Education is evaluated through the number of years of formal education, the type of school attended (public or private), the geographical location of the school (rural or urban), and the overall quality of education received (from very bad to excellent), number of books at home during the first 10 years of life (from 0 to more than 200), and the educational achievement of the mother and father (from none to doctoral degree).
Food insecurity captures if the participant had to eat less (yes/no) or less healthy (yes/no) due to economic hardship across the lifespan (from 0 to 10, 35 to 45 years old, and recently), capturing the quality and consistency of food insecurity experienced by the participant across the lifespan.

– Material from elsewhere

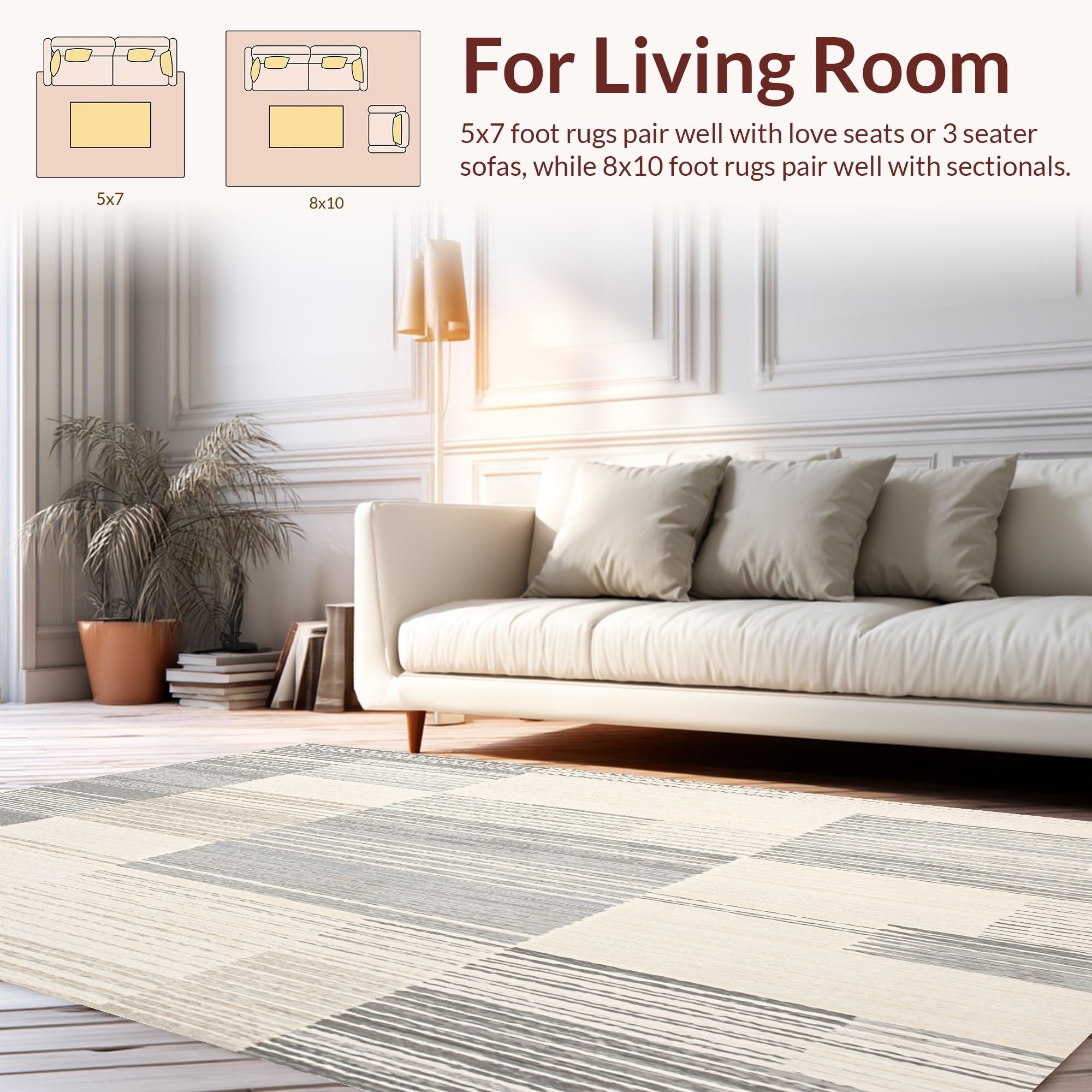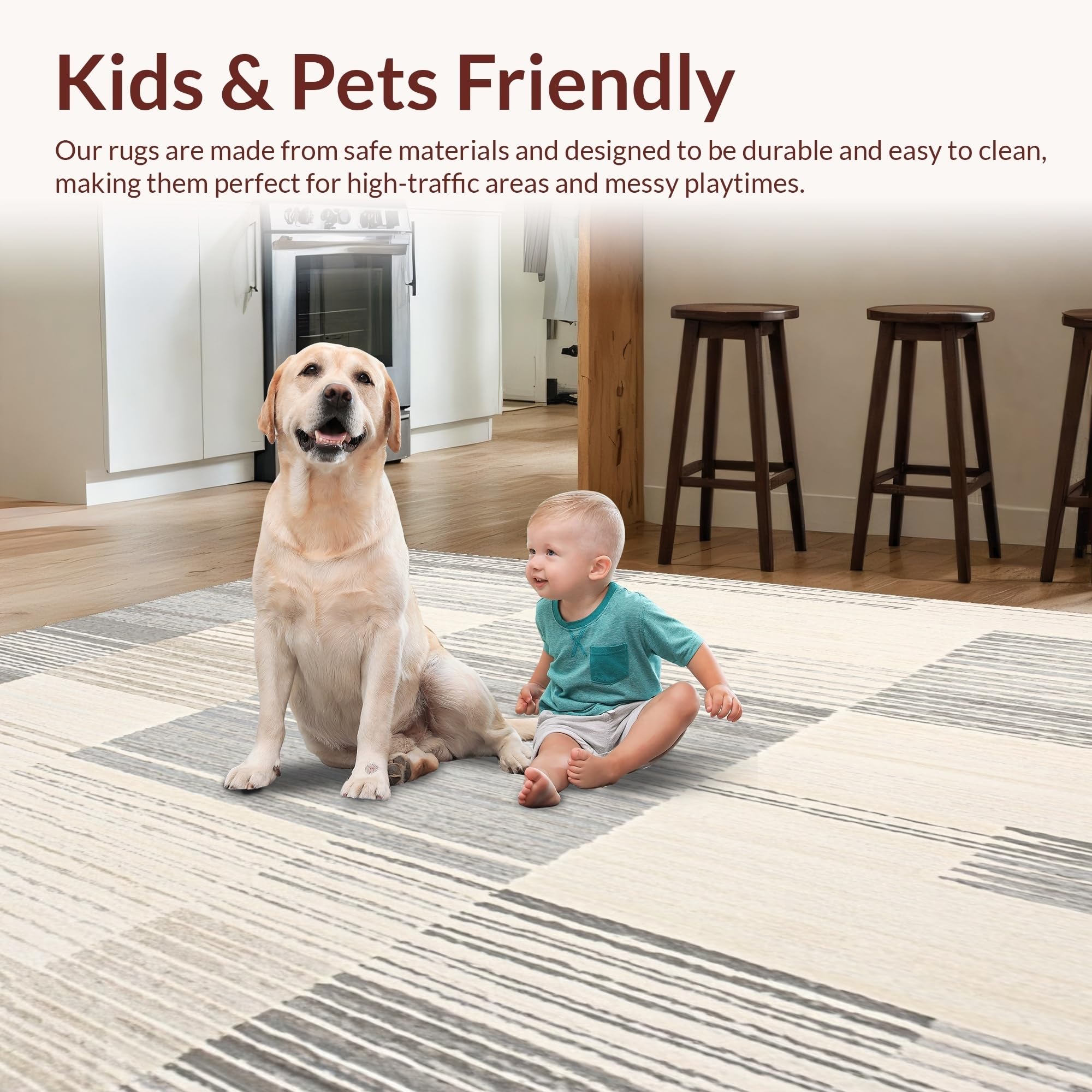 Ultra Soft Area Rug, Non Slip, Stain Resistant, Washable Area Rugs for Living Room, Bedroom, Beige Boho Geometric Runner Modern Abstract Design(Beige) Overview:
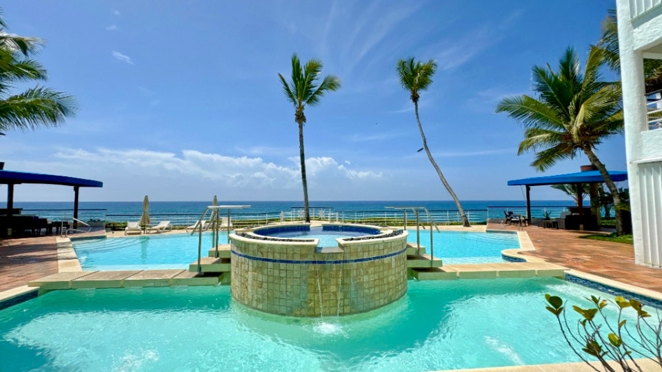 Disfruta de esta relajante experiencia en nuestro apartamento frente al mar, rodeado de amplios espacios de recreación y tranquilidad, este apto es el lugar perfecto para quienes bucan comodidad y belleza en su próximo destino frente al mar. Podrás tener acceso a la playa de Juan Dolió a 5 min caminando. Áreas comunes: • Piscina • Jacuzzi • Lobby • Gazebo • Cancha de voleibol A 10-15 minutos en coche del Malecón, Jumbo, el estadio de béisbol Tetelo Vargas y la Zona Franca.

Financial status assesses the participant’s financial stability and ability to meet basic needs over different periods of their life (from 0 to 10, 35 to 45 years old, and recently). It measures the difficulty in covering basic needs, the sufficiency of income at the end of the month, the diversity of income sources, and the proportion of income spent on housing. Additionally, it gauges the participant’s financial resilience in the event of lost income and health insurance (public, private, or none), offering a comprehensive view of their economic situation and security throughout their lifespan.
Assets evaluate the participant’s access to essential household utilities and goods over different periods (from 0 to 10, 35 to 45 years old, and recently). It assesses whether the participant had access to electricity, radio, television, refrigerator, washing machine, landline telephone, water heater, indoor bathroom, running water, automobile, computer, internet, sound system, smartphone, and private room. Additionally, it measures the quantity of certain items like televisions, bathrooms, cars, computers, and private rooms the participant had during these periods. This assessment provides a detailed view of the participant’s material living conditions and how they have evolved throughout their lifespan.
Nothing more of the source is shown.